RAW DATA

-------

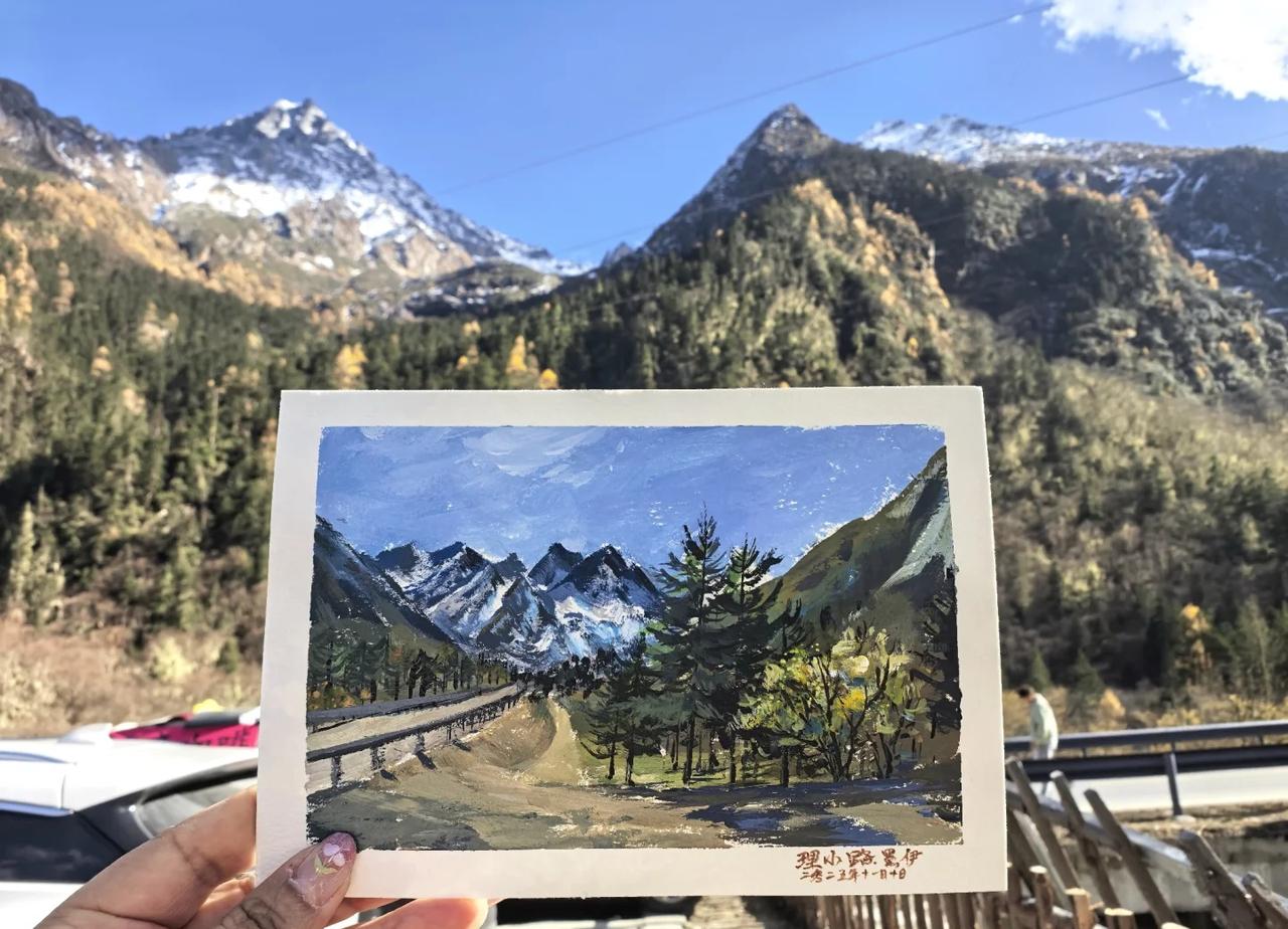 风景写生丨川西理小路的秋日以封神,速去! [亲一个R]成都自驾理小路一天往返,早上九点多我早以闪现到了理县挑苹果,对于爱出门的我来说,我宁愿少睡,也不愿堵路上(劝你们真的要么多早走) 🌼理县的苹果还是要十一月底去。现在的苹果糖心比较少,但还是新鲜好吃 在理县短暂停留直奔理小路,一路畅通,心情都变好了,远远就望见了雪山,一路的彩林也是达到最佳观赏期,非常漂亮 打卡了理小路的网红瀑布,就地写生,这个季节真好,既有雪山。也不是特别冷,完美[赞] 生活需要分享欲 清清日常库存 写生 丙烯画 生活画家创作挑战赛
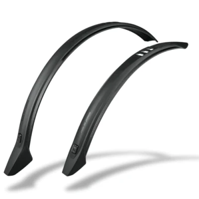 Mudguard set for cool kids: The high-quality mudguards, which are designed for a tyre size of 24", have a width of 55 mm and are therefore ideally suited for a tyre width of 42 - 50 mm. With universal angle fastening: The mudguards can be attached to almost all frame tubes thanks to the practical universal mounting. OPTIONAL underrun bars are also available, which are equipped with an ESC safety system. High-quality materials in an attractive design: Consisting of impact-resistant, black high-performance plastic with integrated SKS logo, the mudguards also visually enhance the bike. Made in Germany: The VELO 55 JUNIOR mudguard set and almost all products from SKS GERMANY are made in Germany and therefore offer a convincing proof of quality. Scope of delivery: SKS GERMANY VELO 55 JUNIOR SET 24'' mudguard set (bicycle mudguard for children's and youth bikes, for tyre width 42 - 50 mm, universal angle attachment, strut attachment optionally available)
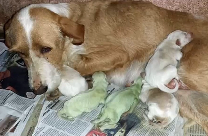 В Испании сука лабрадора родила зеленых щенков. Видео
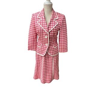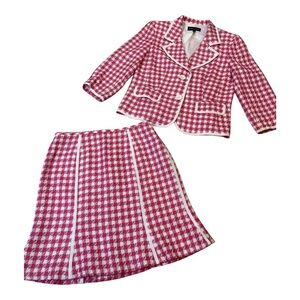 Isabel & Nina Pink White Tweed Blazer Skirt Set Coquette Chic Women’s size 8

-------

Write out the material exactly as it stands, omitting every picture.

 风景写生丨川西理小路的秋日以封神,速去! [亲一个R]成都自驾理小路一天往返,早上九点多我早以闪现到了理县挑苹果,对于爱出门的我来说,我宁愿少睡,也不愿堵路上(劝你们真的要么多早走) 🌼理县的苹果还是要十一月底去。现在的苹果糖心比较少,但还是新鲜好吃 在理县短暂停留直奔理小路,一路畅通,心情都变好了,远远就望见了雪山,一路的彩林也是达到最佳观赏期,非常漂亮 打卡了理小路的网红瀑布,就地写生,这个季节真好,既有雪山。也不是特别冷,完美[赞] 生活需要分享欲 清清日常库存 写生 丙烯画 生活画家创作挑战赛
 Mudguard set for cool kids: The high-quality mudguards, which are designed for a tyre size of 24", have a width of 55 mm and are therefore ideally suited for a tyre width of 42 - 50 mm. With universal angle fastening: The mudguards can be attached to almost all frame tubes thanks to the practical universal mounting. OPTIONAL underrun bars are also available, which are equipped with an ESC safety system. High-quality materials in an attractive design: Consisting of impact-resistant, black high-performance plastic with integrated SKS logo, the mudguards also visually enhance the bike. Made in Germany: The VELO 55 JUNIOR mudguard set and almost all products from SKS GERMANY are made in Germany and therefore offer a convincing proof of quality. Scope of delivery: SKS GERMANY VELO 55 JUNIOR SET 24'' mudguard set (bicycle mudguard for children's and youth bikes, for tyre width 42 - 50 mm, universal angle attachment, strut attachment optionally available)
 В Испании сука лабрадора родила зеленых щенков. Видео
 Isabel & Nina Pink White Tweed Blazer Skirt Set Coquette Chic Women’s size 8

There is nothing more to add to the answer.